昨日と同じように白い空間で操作練習の時間が与えられ、6タイトル時代に使っていたスキルの連携を試していると時間が来てALONESTに飛ばされる。
ここまでは昨日と同じだったが、ALONESTに飛んでからは少し違う。ログアウト前の操作を追体験してから再開される。これは戦闘中にログアウトを挟んだ場合に対応が難しくなるのを解消するための措置だ。
追体験中は当たり前だがその時の視線のままで違う場所を見ることはできない。それでも視界内で注視する場所は変えられるから意外と新しい発見があるかもしれない。だが、体は操り人形のように動かされているような感覚になる。今は移動中で大した会話もなくゴンドラから外の景色を眺めているだけだが肘が勝手に動いた。
城を出てからフィリアとは一言も話しておらず正直気まずい。昨日の時点で大分気まずかったが、こっちは1度ログアウトを挟み緊張感が解けているためこの空気に耐えられない。
どこか落ち着かずソワソワとしているとフィリアに話しかけられる。
「JOKER様、1つ気になっていたのですがどうして爺様と私に対してと母様に対してとでは喋り方が違うのですか?」
何を言われるかと身構えたがそんなことか。落ち着かない俺に気を遣ってくれたのだろう。

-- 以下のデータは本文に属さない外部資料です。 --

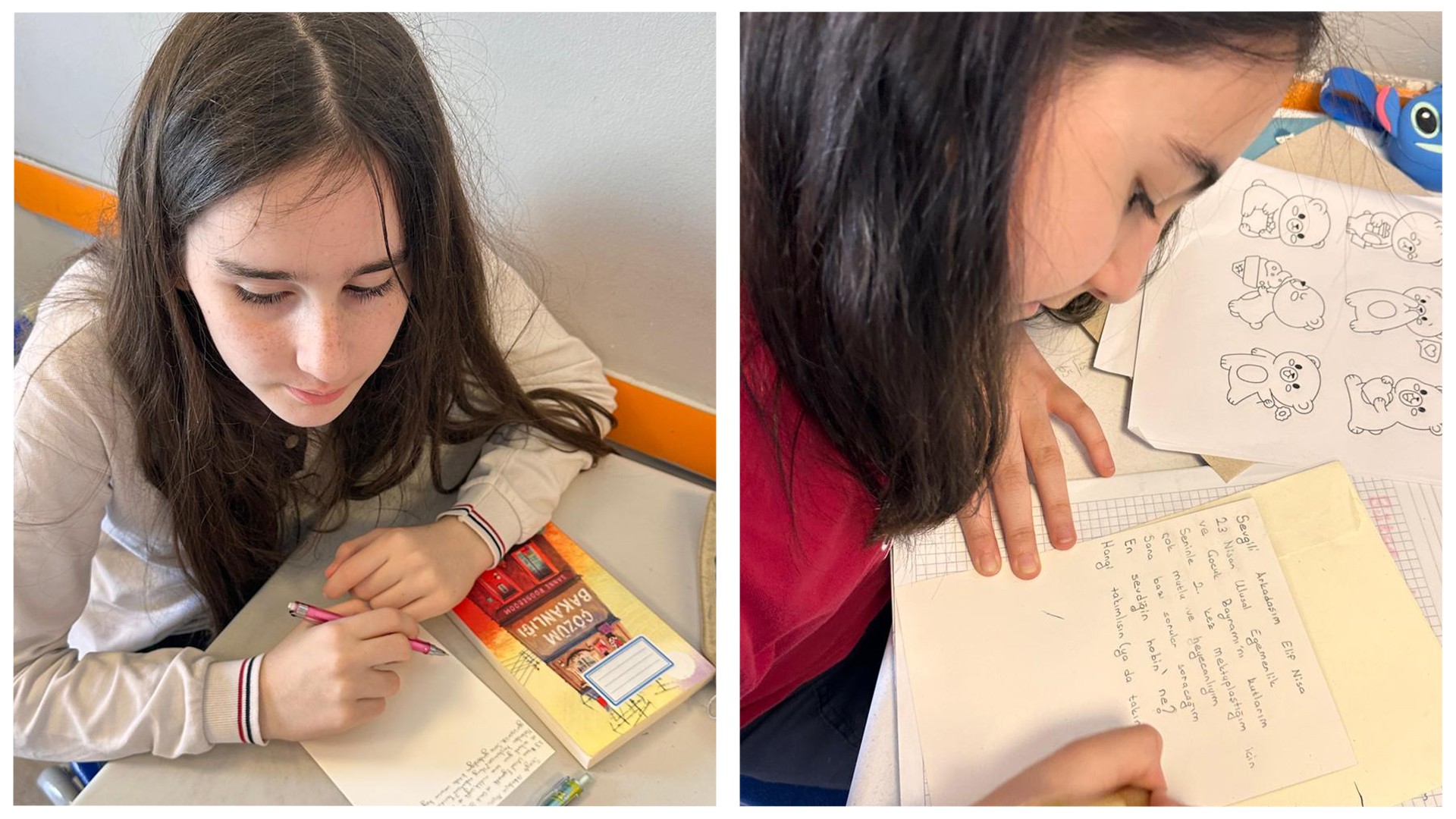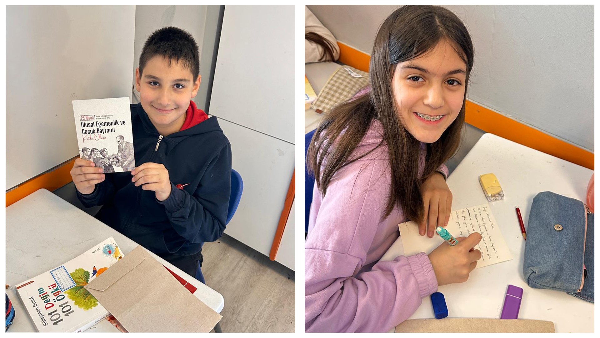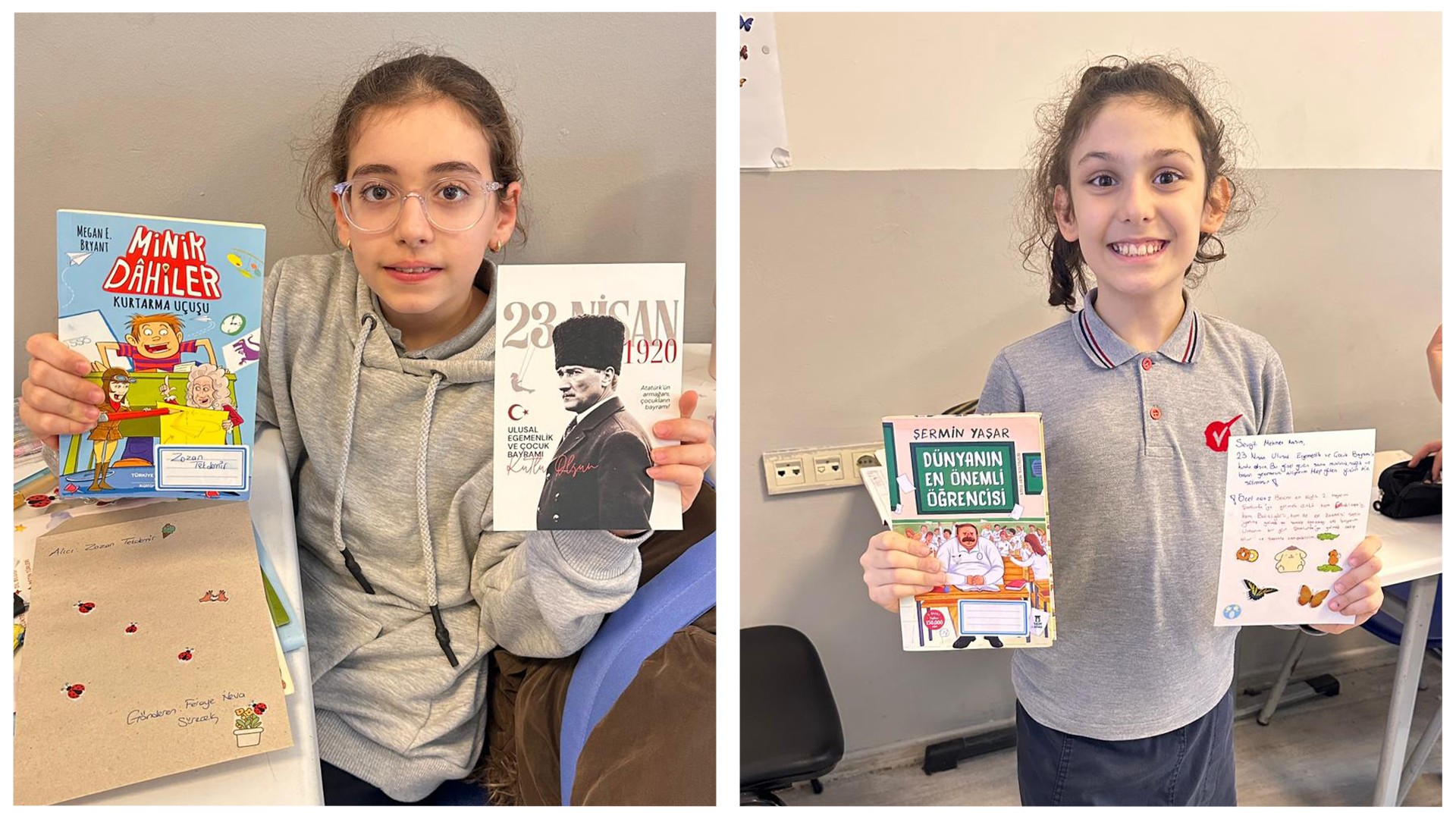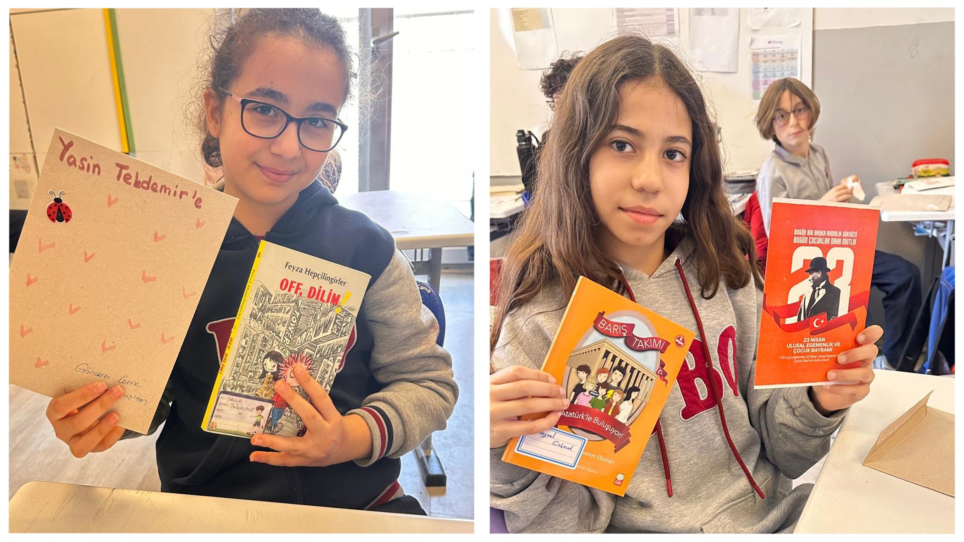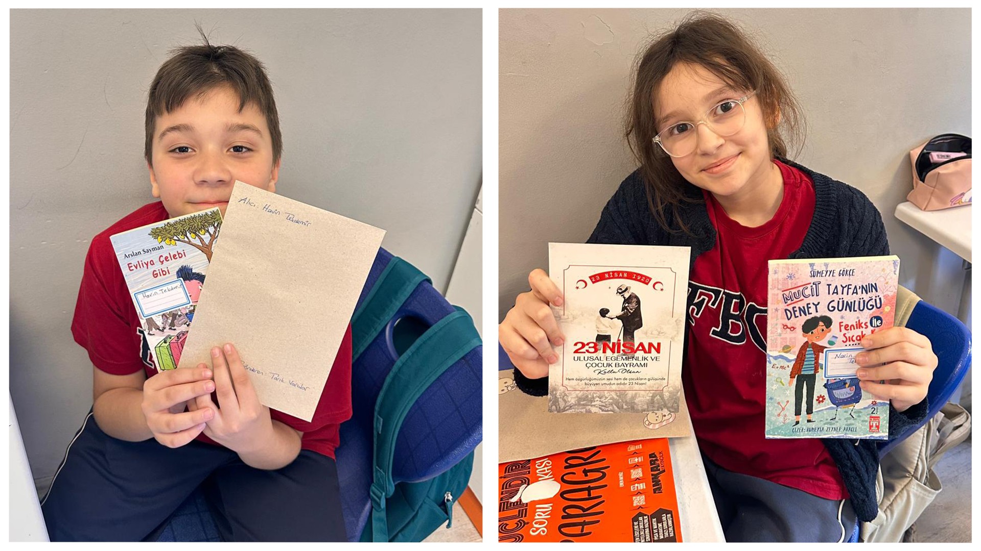 Kardeş okulumuzdaki arkadaşlarımız için içten duygularla kaleme aldığımız 23 Nisan kartpostallarımızı ve özenle seçtiğimiz kitapları sevgiyle yola çıkardık.

「戦闘中は取り繕う余裕がなく素が出てしまっただけです。途中で変えるのも違和感がありそのままになってしまいました。無礼ということでしたら以後、リア様の前でも気を付けます」
「逆です。私と爺様にも素の話し方で構いません」
「なら、ありがたくそうさせてもらう。それで修行の地ってどんなとこなんだ?」
フィリアからの提案に少し空気が緩む。その提案をしてくれて助かった。あの話し方を続けるのは結構負担だったが、そんなことに体力は使いたくない。
話し方を変えるのを試すのにありきたりな質問をする。
「そうですね。今向かっているのは私たち龍人が名を授かるための修行の地、龍の峡谷です。化物の巣窟で下へ行けば行くほど化物が強くなる所謂ダンジョンですね。3合に到達すると名を貰えるのでそこを目指す方が多いです」
「へぇ、名前を貰う前はなんて呼ばれるんだ?」
「種族名でもあるドラガです。私や姉様は生まれた翌日に峡谷へ投げ込まれそのまま3合に到達したのでドラガと呼ばれたことはありませんが」
それを聞いて獅子は我が子を千尋の谷に落とすというのを思い出した。実際、この戦闘狂国家だと同じ発想をしてそうだ。
「今だと何合目まで行けるんだ?」
「最近は立ち入ってないので分かりませんが最高到達は6合目です。姉様は10合、母様は1度入った際に化物を全滅させて立ち入り禁止になったと聞いています」
ある程度力関係を量るために聞いたが聞かない方が良かったかもしれない。間違いなくフィリアとリアの間の溝はこの力関係だ。何も気にしていないように冷静で落ち着いたような声音で話しているが何かにつけてリアとソーマを引き合いに出すのがその証拠だ。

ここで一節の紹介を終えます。